Dataset items:
----

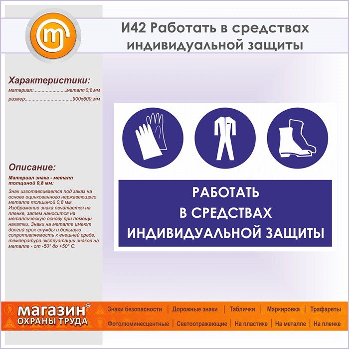 Знак «Работать в средствах индивидуальной защиты», И42 (металл, 900х600 мм) в Альметьевске купить
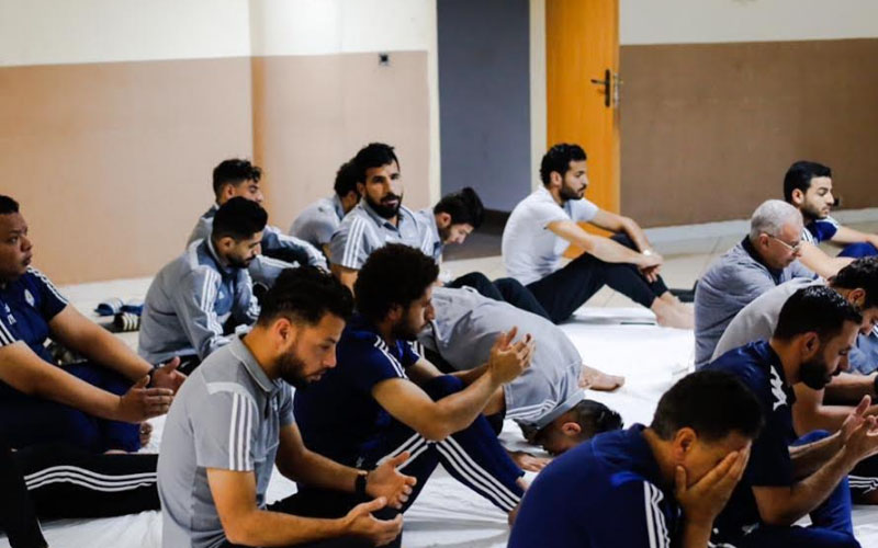 بالصور.. بعثة "بيراميدز" تصلي الجمعة بفندق الإقامة في نيجيريا
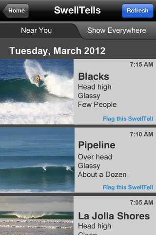 Waar kan je het beste surfen? De iPhone-app SwellTell laat je het weten aan de hand van foto's en informatie die de gebruikers zelf hebben geüpload.
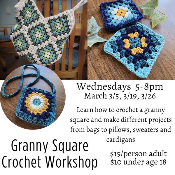 'Granny Square Workshops' are held on Wednesday evenings. Whether you're new to crocheting or looking to refine your skills, these workshops provide a friendly and supportive environment to learn and create beautiful granny squares. Create items from bags to pillows, cardigans and sweaters.
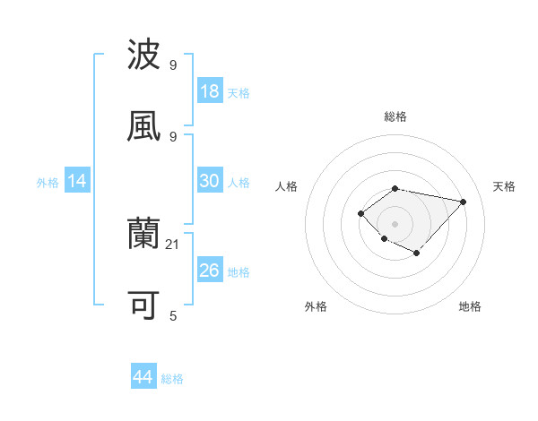 波風 蘭可さんの天格は18画の4点!
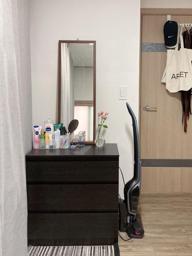 행거를 설치하고 남는 공간에는 작은 3단 서랍장을 둬서 화장대 겸 수납장으로 사용중이에요. 그리고 모자나 벨트, 에코백 같은 종류는 문걸이 행거를 통해 걸어두고 그때그때 필요할 때 사용하고 있어요.
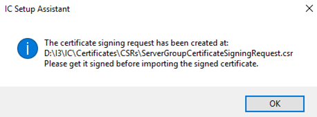 7. Click Create. IC Setup Assistant displays a message to indicate that you successfully created the request. The File Path field indicates the path to the certificate signing request file and the private key.
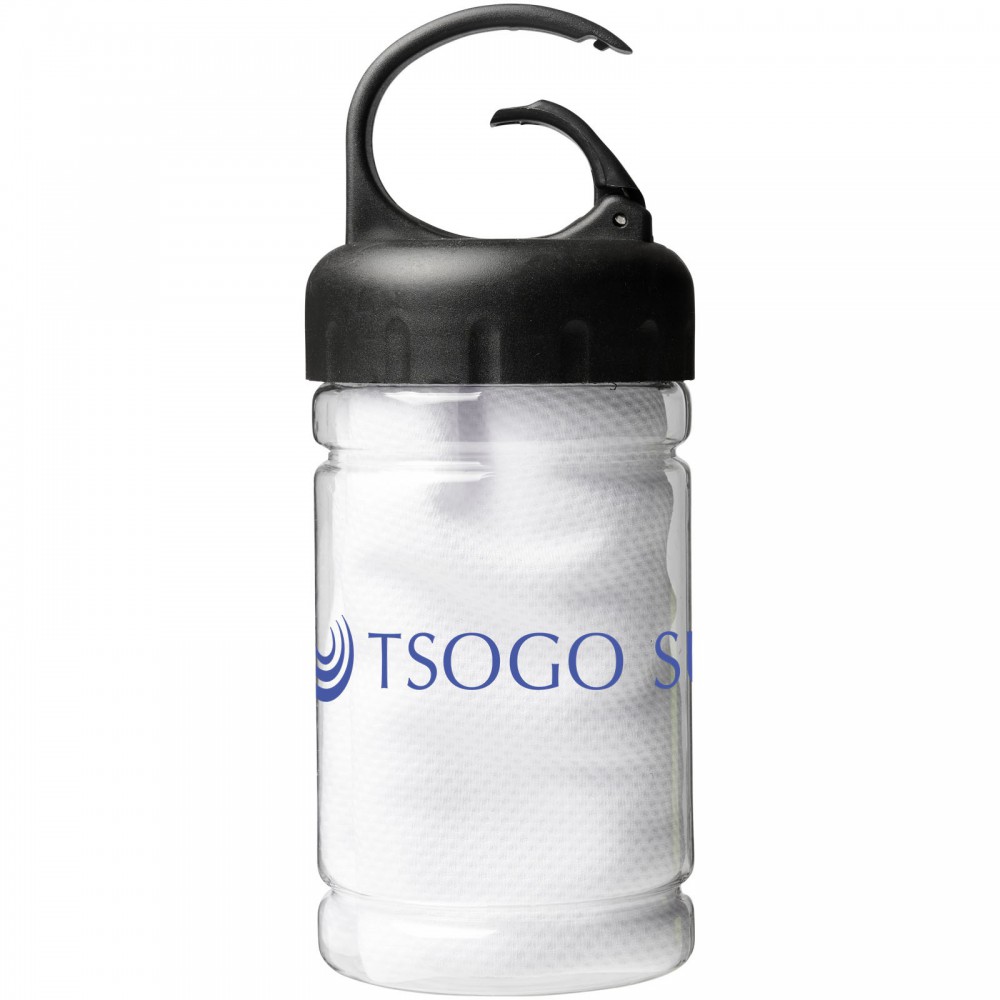 Hűtőtörölköző PET tartóban. A törököző mérete: 30 x 80 cm. 100% poliészter. Emblémázás: Tamponnyomás
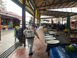 Halkın yoğun bulunduğu ortak kullanım alanlarını sürekli olarak dezenfekte eden Veteriner İşleri Müdürlüğü Vektör İlaçlama ve Kontrol Merkezi ekipleri, bugün sabah erken saatlerde merkez pazar yerini dezenfekte etti. Çalışmalar Tuhafiyeciler Çarşısı’nda devam etti.
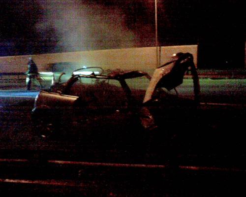 Last Monday, I lost my 06/2005 Mini Cooper S Convertible JCW. Driving in the middle lane doing 120 km/h (app 80 miles, max speed in the Netherlands) at 22.30h I suddenly heared a loud explosion sound on the front right side and I immediately lost all power. Steering to the shoulder, in the right lane I saw a flame coming out of the bonnet airintake hole. Oops. Drove immediately to the shoulder where I wanted to brake but the brakes totally failed.I stopped by using the handbrake and got out. Got back in twice to save some personal things (wasn't thinking by then...) while phoning the alarm nr. Fire dept was ther in 10 minutes but by then nothing was left of my 'pride-n-joy'.
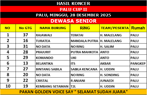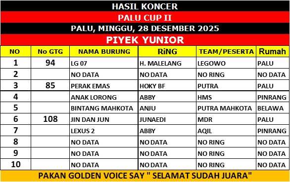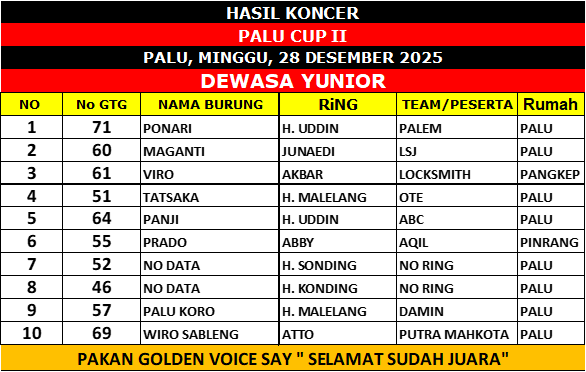 Goldenvoicenews.com-Gelaran Palu Cup II yang diselenggarakan oleh Persatuan Pelestari Perkutut Seluruh Indonesia (P3SI) Pengda Palu, Minggu, 28 Desember 2025, berlangsung sukses dan menyedot antusiasme tinggi kung mania Sulawesi Tengah dan sekitarnya. Bertempat di Palu, lomba ini menjadi ajang pembuktian kualitas burung-burung terbaik di tiga kelas utama: Dewasa Senior, Dewasa Junior, dan Piyik Junior.
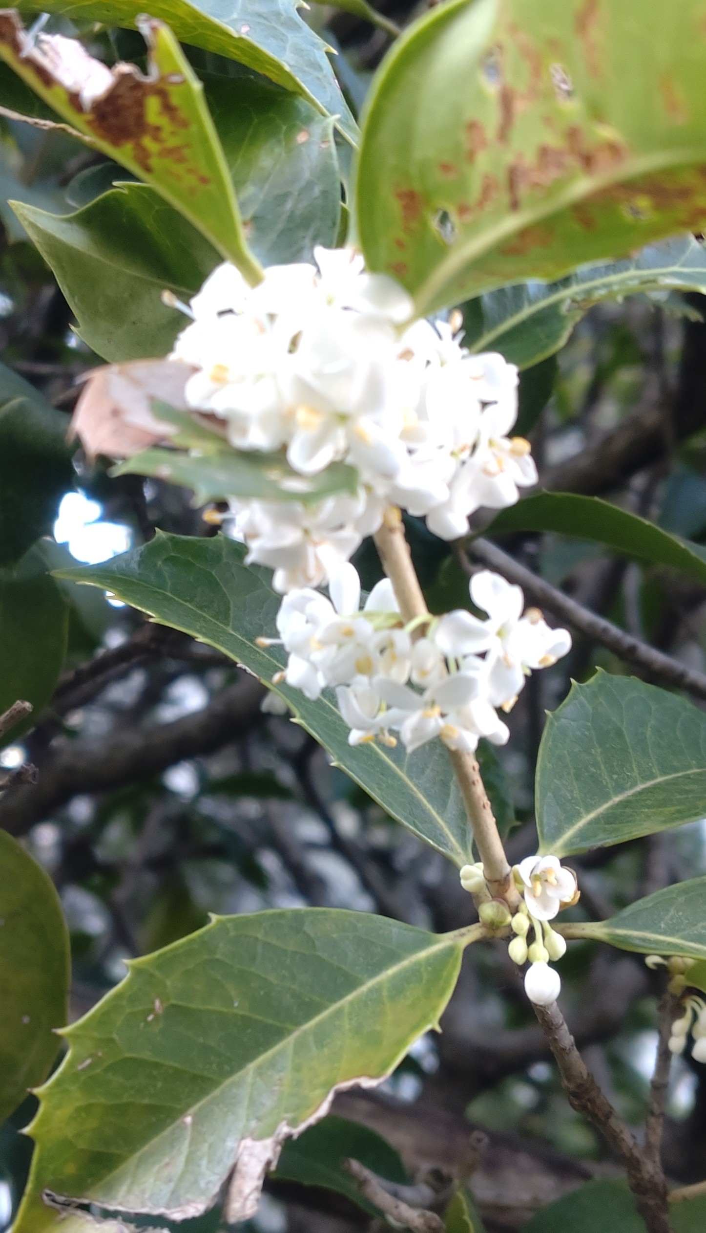 今朝、通勤の道で、ギンモクセイ(キイラギの花)が咲いていました。

----

WHAT YOU HAVE TO DO: Provide the lines again, unchanged, from where the data above begins through the line containing "Last Monday, I", both ends included, omitting pictures and adding nothing.

ANSWER FOR THIS EXERCISE:
 Знак «Работать в средствах индивидуальной защиты», И42 (металл, 900х600 мм) в Альметьевске купить
 بالصور.. بعثة "بيراميدز" تصلي الجمعة بفندق الإقامة في نيجيريا
 Waar kan je het beste surfen? De iPhone-app SwellTell laat je het weten aan de hand van foto's en informatie die de gebruikers zelf hebben geüpload.
 'Granny Square Workshops' are held on Wednesday evenings. Whether you're new to crocheting or looking to refine your skills, these workshops provide a friendly and supportive environment to learn and create beautiful granny squares. Create items from bags to pillows, cardigans and sweaters.
 波風 蘭可さんの天格は18画の4点!
 행거를 설치하고 남는 공간에는 작은 3단 서랍장을 둬서 화장대 겸 수납장으로 사용중이에요. 그리고 모자나 벨트, 에코백 같은 종류는 문걸이 행거를 통해 걸어두고 그때그때 필요할 때 사용하고 있어요.
 7. Click Create. IC Setup Assistant displays a message to indicate that you successfully created the request. The File Path field indicates the path to the certificate signing request file and the private key.
 Hűtőtörölköző PET tartóban. A törököző mérete: 30 x 80 cm. 100% poliészter. Emblémázás: Tamponnyomás
 Halkın yoğun bulunduğu ortak kullanım alanlarını sürekli olarak dezenfekte eden Veteriner İşleri Müdürlüğü Vektör İlaçlama ve Kontrol Merkezi ekipleri, bugün sabah erken saatlerde merkez pazar yerini dezenfekte etti. Çalışmalar Tuhafiyeciler Çarşısı’nda devam etti.
 Last Monday, I lost my 06/2005 Mini Cooper S Convertible JCW. Driving in the middle lane doing 120 km/h (app 80 miles, max speed in the Netherlands) at 22.30h I suddenly heared a loud explosion sound on the front right side and I immediately lost all power. Steering to the shoulder, in the right lane I saw a flame coming out of the bonnet airintake hole. Oops. Drove immediately to the shoulder where I wanted to brake but the brakes totally failed.I stopped by using the handbrake and got out. Got back in twice to save some personal things (wasn't thinking by then...) while phoning the alarm nr. Fire dept was ther in 10 minutes but by then nothing was left of my 'pride-n-joy'.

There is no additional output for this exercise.